Xenophon, Hellenica

Xenophon (c.430–354 BCE) was a native of Athens who wrote about contemporary events and people. He was also a soldier and mercenary. These excerpts are taken from his account of the war between Sparta and Thebes in 369-8 BCE, during which Dionysius of Syracuse sent Celtic mercenaries to fight on the side of Sparta.

The following is from Xenophon in Seven Volumes, trans. Carleton L. Brownson. Harvard University Press, Cambridge:1918-1921.


§ 7.1.20. Just after these events had happened, the expedition sent by Dionysius to aid the Lacedaemonians sailed in, numbering more than twenty triremes [war galleys]. And they brought Celts, Iberians, and about fifty horsemen. On the following day the Thebans and their allies, after forming themselves in detached bodies and filling the plain as far as the sea and as far as the hills adjoining the city, destroyed whatever of value there was in the plain. And the horsemen of the Athenians and of the Corinthians did not approach very near their army, seeing that the enemy were strong and numerous.

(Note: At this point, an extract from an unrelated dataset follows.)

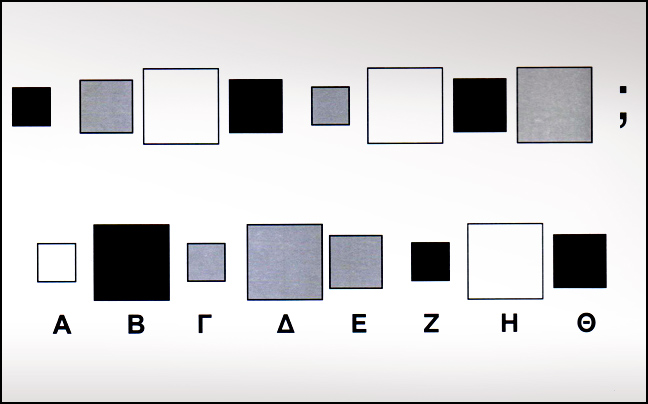 Ο,ΤΙ ΝΑ 'ΝΑΙ #Γρίφος Γρίφος: Ποιο σχήμα συνεχίζει την ακολουθία; Η λύση 07·01·2014 12:00 2 σχόλια Η λύση Το σχήμα Α. Παρατηρούμε την εναλλαγή χρωμάτων, μαύρο – γκρι – άσπρο και μεγεθών.

§ 7.1.31. When these words had been spoken, it is said that from a clear sky there came lightnings and thunderings of favourable omen for him; and it chanced also that on the right wing was a sanctuary and a statue of Heracles [the ancestor of the kings of Sparta]. As a result, therefore, of all these things, it is reported that the soldiers were inspired with so much strength and courage that it was a task for their leaders to restrain them as they pushed forward to the front. And when Archidamus led the advance, only a few of the enemy waited till his men came within spear-thrust; these were killed, and the rest were cut down as they fled, many by the horsemen and many by the Celts.